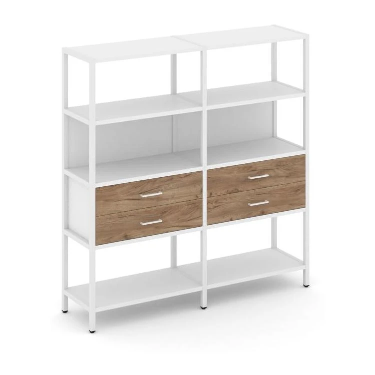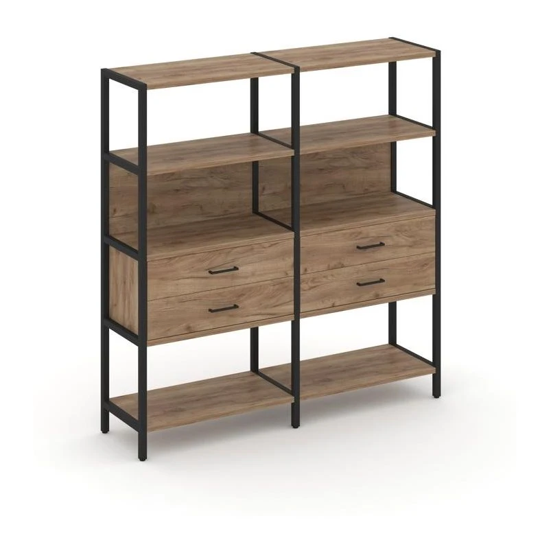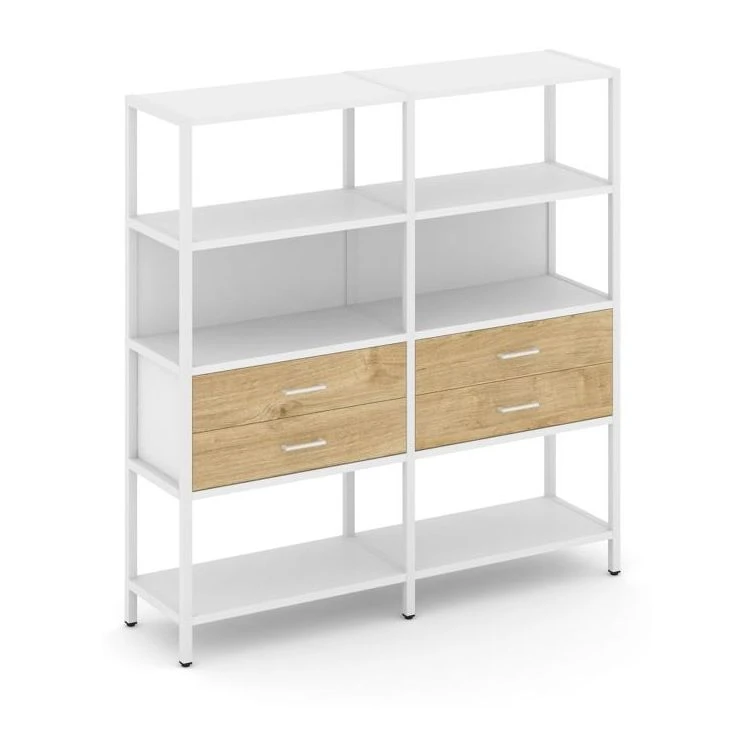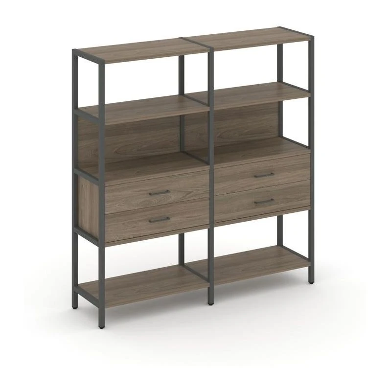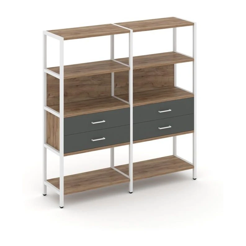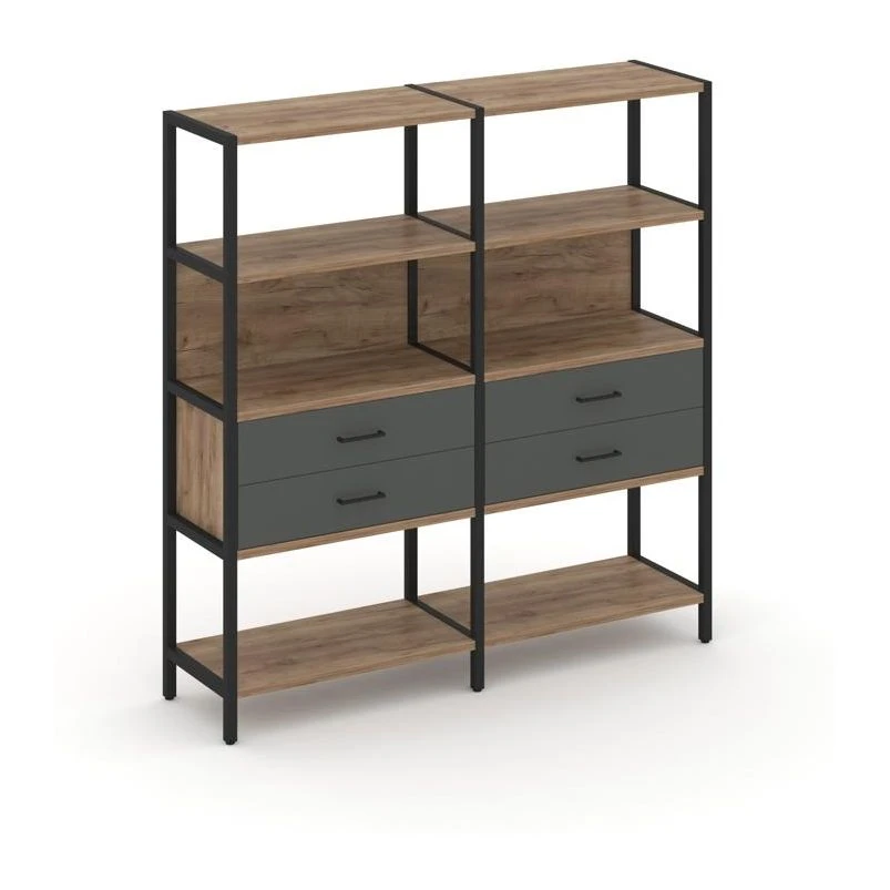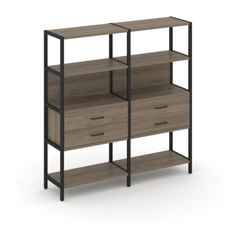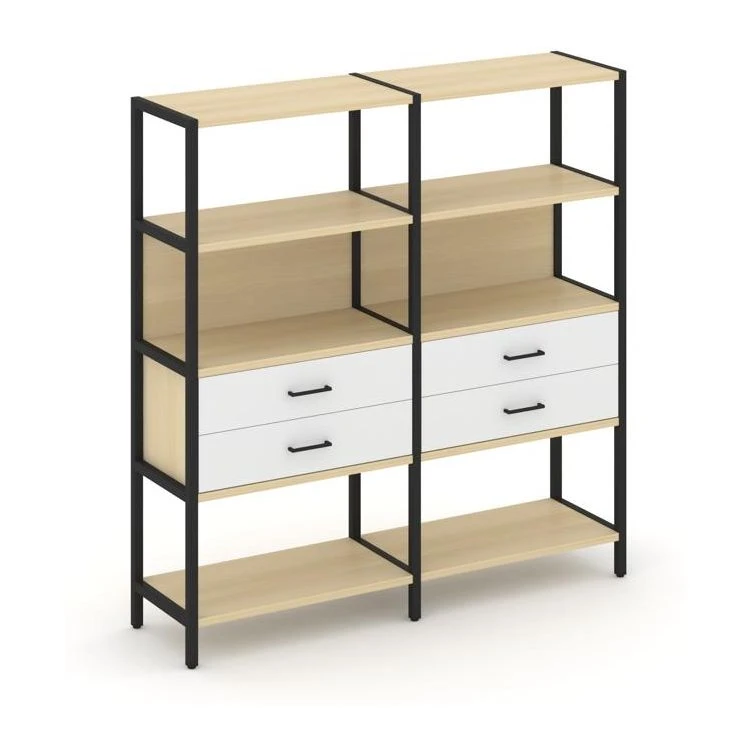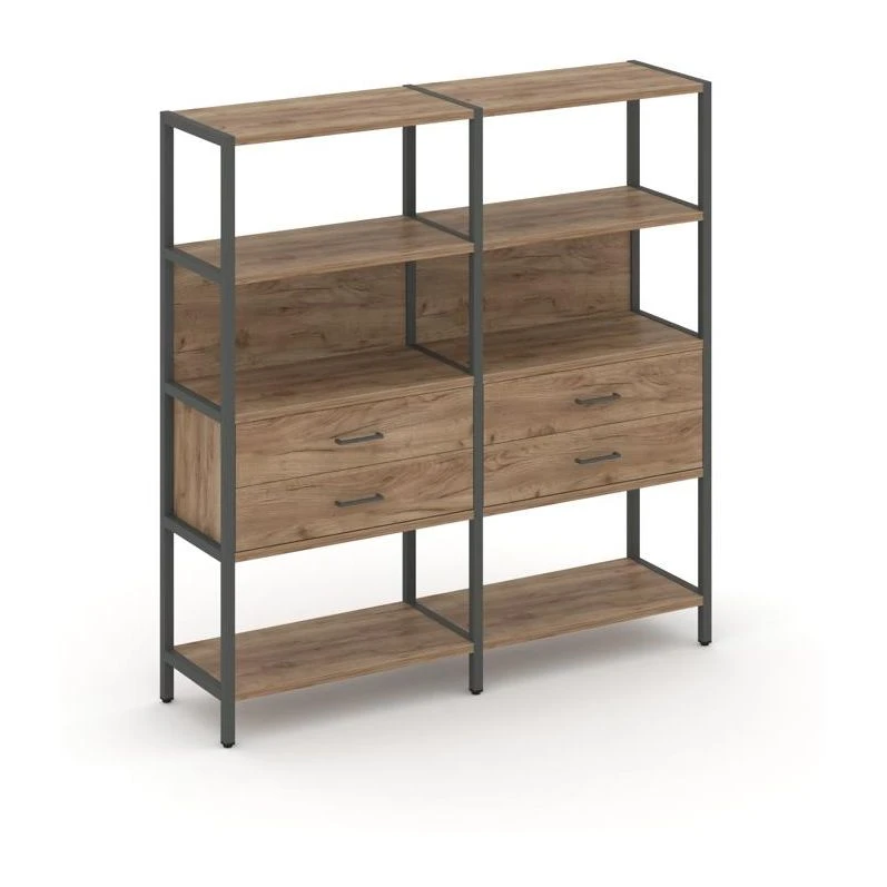 - Двухсекционный стеллаж четырехярусный с ящиками 1590х400х1613 Шелф Систем / Shelf System
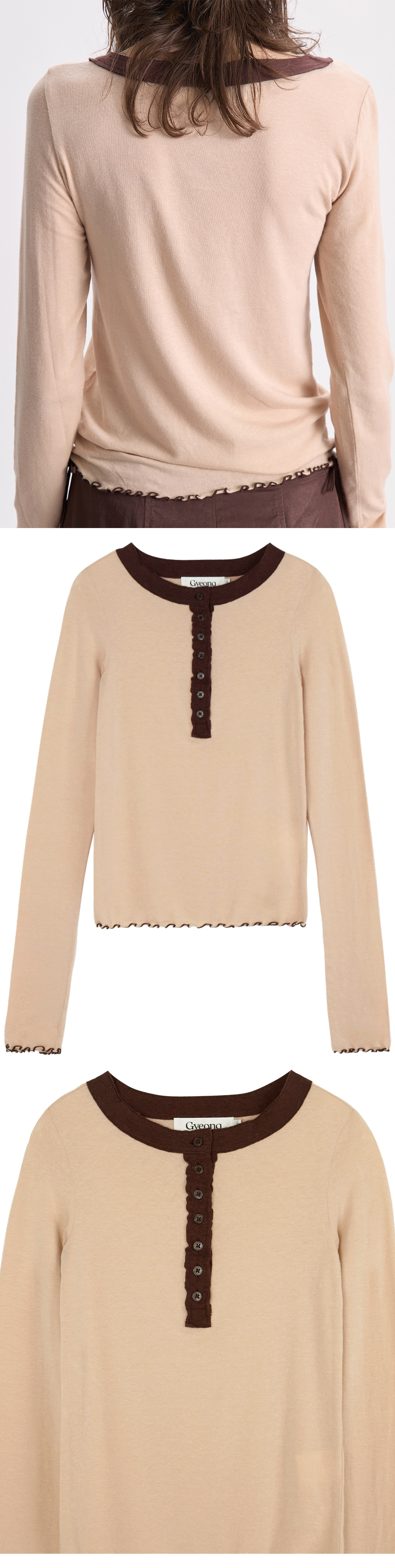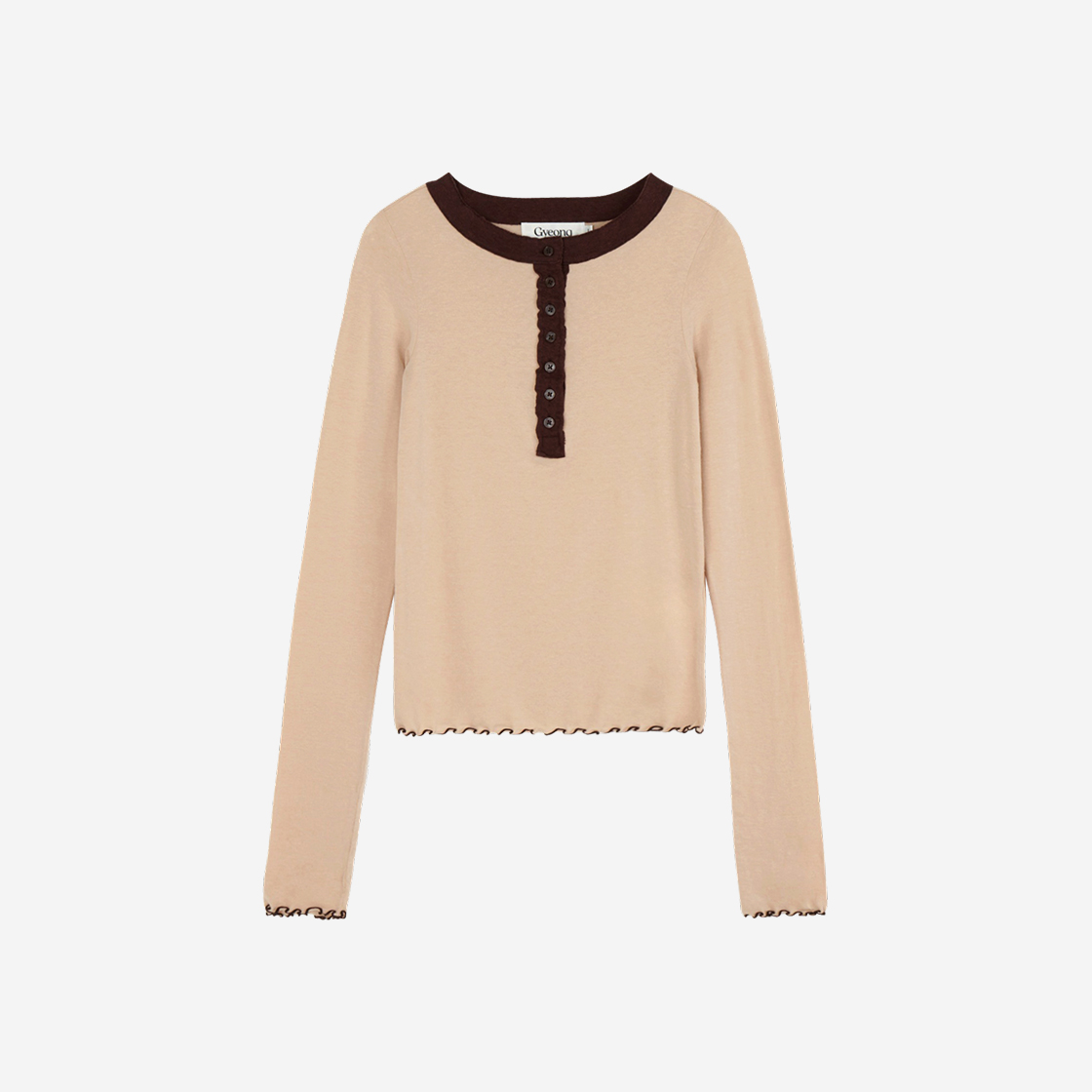 Gyeong Henley Neck Long Sleeve Tee Beige & Brown
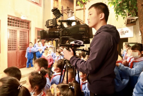 “灯光到位,请演员做好准备”“现场保持安静,3、2、1,开始!”眼前的这一幕是在《逗吧逗把街》的拍摄现场。不过,相比平日里封闭式地拍摄,今天的拍摄现场则来了许多的小观众。在征得节目组的同意后,12月7日下午,天华寄宿制学校近百名师生来到华谊电影小镇,继续开展学校特色校本课程“行走的课堂”社会实践活动。今天,他们将在节目组导演“黄药师”的带领下观看影视作品的现场拍摄和了解后期的剪辑和制作。原本只有在电视里才能看到的镜头出现在了自己的眼前,同学们兴奋极了。待拍摄完后,大家围着演员询问着各种有关节目拍摄问题,“黄药师”等演员则耐心地为同学们做讲解或演示,现场真是好不热闹!
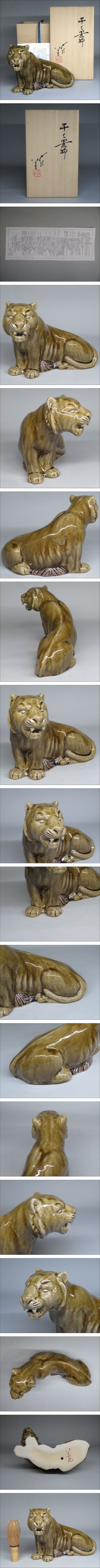 | 人間国宝 三代徳田八十吉(徳田正彦)作■干支置物 「寅」 虎 置物 共箱 | ||
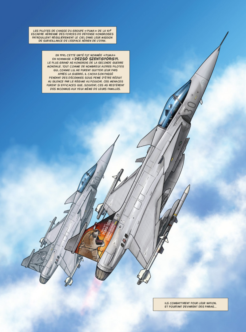 Les pilotes de chasse "Puma" de la 101e Escadre Aérienne des forces de défense hongroises patrouillent régulièrement les cieux dans leur mission de défense de l'espace aérien de l’OTAN. En 1990, cette unité fut nommée ainsi en hommage à Dezso Szentgyorgyi, le plus grand as hongrois de la seconde guerre mondiale. Tout comme de nombreux autres pilotes qui, comme lui, ne quittèrent pas leur pays après la guerre, il dut cacher son passé pendant des décennies, réduit au silence par le régime au pouvoir. Ce fut fait de façon si efficace que souvent, ils restèrent des inconnus aux yeux de leurs propres familles. Ils combattirent pour leur nation, et pourtant devinrent des parias...
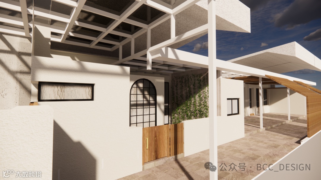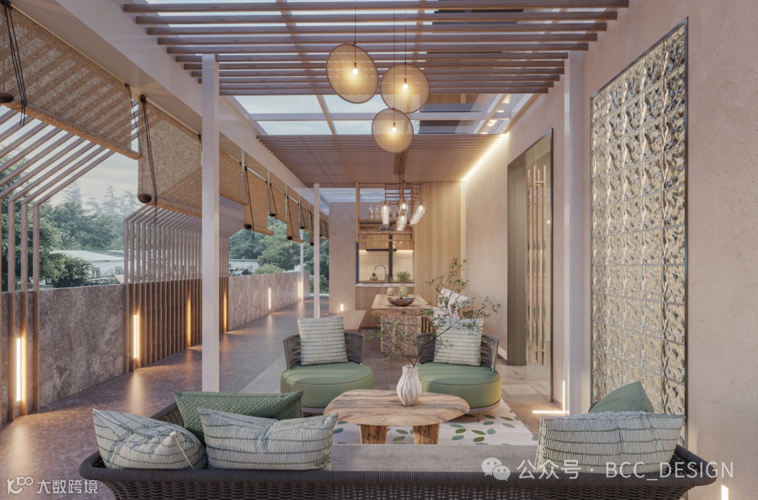 门前庭院灯光氛围感很重要,柔和的氛围庭院灯光让整个空间更具有舒适感,软装青草绿的点缀与大自然融合,原木条造型即做了装饰也是白天遮阳的一道风景线。
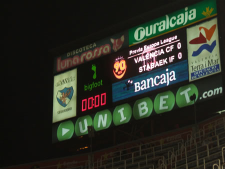 | 前日のトマト祭りは飛行機の関係で参加できず、ヴァレンシアの試合だけは見てやろうと言うことでメスタージャへ足を運びました。今年から大会名がUEFAカップからUEFAヨーロッパリーグに代わり、そのプレイオフラウンドの第2戦のスタベイク戦です。スタベイクと言えば小林大悟選手が所属しているチームですね。いい動きしてましたが、試合自体は第1戦のスタベイクのホームで3-0でヴァレンシアが勝利しているため、この第2戦はある意味消化試合となっていました。試合開始直前まで多くのファンはスタジアムに入らず外でダラダラしてましたw
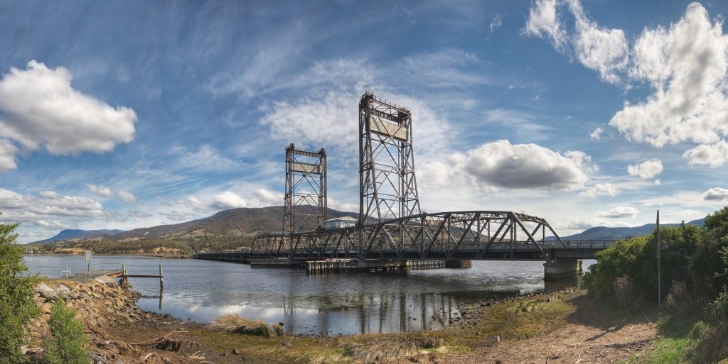 Разводной автомобильный и железнодорожный мост через реку Дервент. Строительство первого моста на этом месте, также названного «Бриджуотер», было разрешено лейтенант-губернатором Ван-Дименовой Земли (ныне Тасмания) Джорджем Артуром.
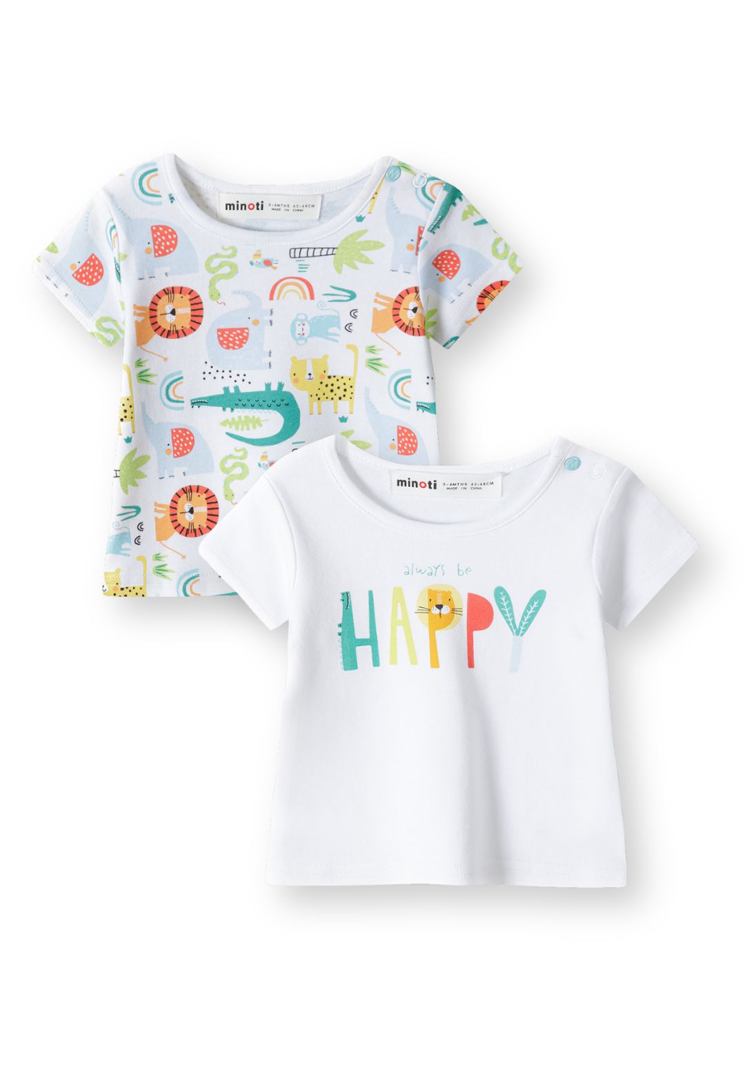 Un pacco da due t-shirt a maniche corte progettate per neonati, ciascuna con un colore di base bianco. Una t-shirt è decorata con audaci strisce orizzontali in tonalità scure e chiare a contrasto, mentre l'altra presenta slogan stampati in un carattere chiaro e leggibile, offrendo due opzioni di design distinte. Entrambe le t-shirt hanno scollature a girocollo a costine e una vestibilità regolare per garantire una comoda libertà di movimento. I bottoni a pressione sulle spalle, posizionati sulla scollatura, permettono una pratica facilità per vestirli e cambiarli. Progettate per le stagioni più calde, queste t-shirt fanno parte di una collezione coordinata e si abbinano bene con altri capi della linea adventure. Il tessuto morbido in cotone offre traspirabilità e comfort adatti alla delicata pelle del bambino, supportando l'uso per tutto il giorno mantenendo una cura delicata durante il clima più caldo.
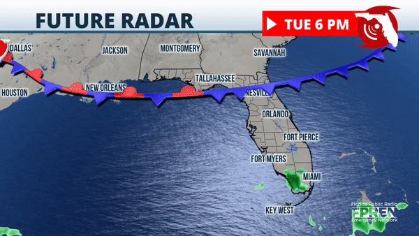 A frente fria perdeu energia e se espalha pela Flórida Central. Mas está ligado a outro sistema de baixa pressão que atravessa a porção norte do Golfo do México. Este trará a próxima frente fria, trazendo ar mais frio e seco com energia suficiente para percorrer o estado.
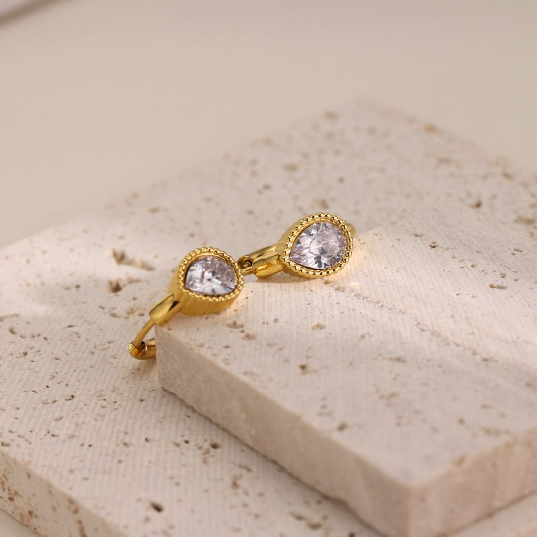 国境を越えた欧米の水滴ステンレスにドリルイヤリングを入れた女性の贅沢な高級感は18kの金をメッキして色を落とさない耳飾り
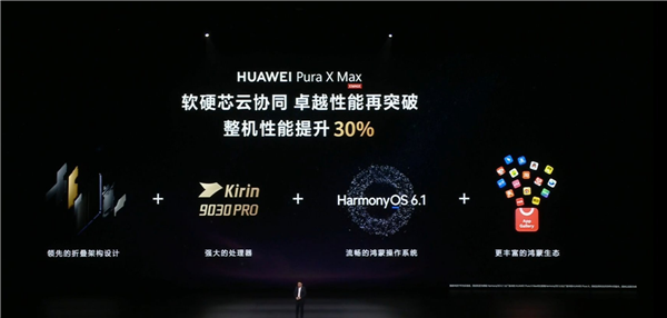 华为将这一提升归因于软硬芯云协同的设计理念,折叠架构设计、麒麟9030 Pro、HarmonyOS 6.1以及鸿蒙生态四者深度配合。

——

- _The task_: Please write the material out again exactly as shown above, minus any pictures.

- _Response_:
 - Двухсекционный стеллаж четырехярусный с ящиками 1590х400х1613 Шелф Систем / Shelf System
 Gyeong Henley Neck Long Sleeve Tee Beige & Brown
 “灯光到位,请演员做好准备”“现场保持安静,3、2、1,开始!”眼前的这一幕是在《逗吧逗把街》的拍摄现场。不过,相比平日里封闭式地拍摄,今天的拍摄现场则来了许多的小观众。在征得节目组的同意后,12月7日下午,天华寄宿制学校近百名师生来到华谊电影小镇,继续开展学校特色校本课程“行走的课堂”社会实践活动。今天,他们将在节目组导演“黄药师”的带领下观看影视作品的现场拍摄和了解后期的剪辑和制作。原本只有在电视里才能看到的镜头出现在了自己的眼前,同学们兴奋极了。待拍摄完后,大家围着演员询问着各种有关节目拍摄问题,“黄药师”等演员则耐心地为同学们做讲解或演示,现场真是好不热闹!
 | 人間国宝 三代徳田八十吉(徳田正彦)作■干支置物 「寅」 虎 置物 共箱 | ||
 Les pilotes de chasse "Puma" de la 101e Escadre Aérienne des forces de défense hongroises patrouillent régulièrement les cieux dans leur mission de défense de l'espace aérien de l’OTAN. En 1990, cette unité fut nommée ainsi en hommage à Dezso Szentgyorgyi, le plus grand as hongrois de la seconde guerre mondiale. Tout comme de nombreux autres pilotes qui, comme lui, ne quittèrent pas leur pays après la guerre, il dut cacher son passé pendant des décennies, réduit au silence par le régime au pouvoir. Ce fut fait de façon si efficace que souvent, ils restèrent des inconnus aux yeux de leurs propres familles. Ils combattirent pour leur nation, et pourtant devinrent des parias...
 门前庭院灯光氛围感很重要,柔和的氛围庭院灯光让整个空间更具有舒适感,软装青草绿的点缀与大自然融合,原木条造型即做了装饰也是白天遮阳的一道风景线。
 | 前日のトマト祭りは飛行機の関係で参加できず、ヴァレンシアの試合だけは見てやろうと言うことでメスタージャへ足を運びました。今年から大会名がUEFAカップからUEFAヨーロッパリーグに代わり、そのプレイオフラウンドの第2戦のスタベイク戦です。スタベイクと言えば小林大悟選手が所属しているチームですね。いい動きしてましたが、試合自体は第1戦のスタベイクのホームで3-0でヴァレンシアが勝利しているため、この第2戦はある意味消化試合となっていました。試合開始直前まで多くのファンはスタジアムに入らず外でダラダラしてましたw
 Разводной автомобильный и железнодорожный мост через реку Дервент. Строительство первого моста на этом месте, также названного «Бриджуотер», было разрешено лейтенант-губернатором Ван-Дименовой Земли (ныне Тасмания) Джорджем Артуром.
 Un pacco da due t-shirt a maniche corte progettate per neonati, ciascuna con un colore di base bianco. Una t-shirt è decorata con audaci strisce orizzontali in tonalità scure e chiare a contrasto, mentre l'altra presenta slogan stampati in un carattere chiaro e leggibile, offrendo due opzioni di design distinte. Entrambe le t-shirt hanno scollature a girocollo a costine e una vestibilità regolare per garantire una comoda libertà di movimento. I bottoni a pressione sulle spalle, posizionati sulla scollatura, permettono una pratica facilità per vestirli e cambiarli. Progettate per le stagioni più calde, queste t-shirt fanno parte di una collezione coordinata e si abbinano bene con altri capi della linea adventure. Il tessuto morbido in cotone offre traspirabilità e comfort adatti alla delicata pelle del bambino, supportando l'uso per tutto il giorno mantenendo una cura delicata durante il clima più caldo.
 A frente fria perdeu energia e se espalha pela Flórida Central. Mas está ligado a outro sistema de baixa pressão que atravessa a porção norte do Golfo do México. Este trará a próxima frente fria, trazendo ar mais frio e seco com energia suficiente para percorrer o estado.
 国境を越えた欧米の水滴ステンレスにドリルイヤリングを入れた女性の贅沢な高級感は18kの金をメッキして色を落とさない耳飾り
 华为将这一提升归因于软硬芯云协同的设计理念,折叠架构设计、麒麟9030 Pro、HarmonyOS 6.1以及鸿蒙生态四者深度配合。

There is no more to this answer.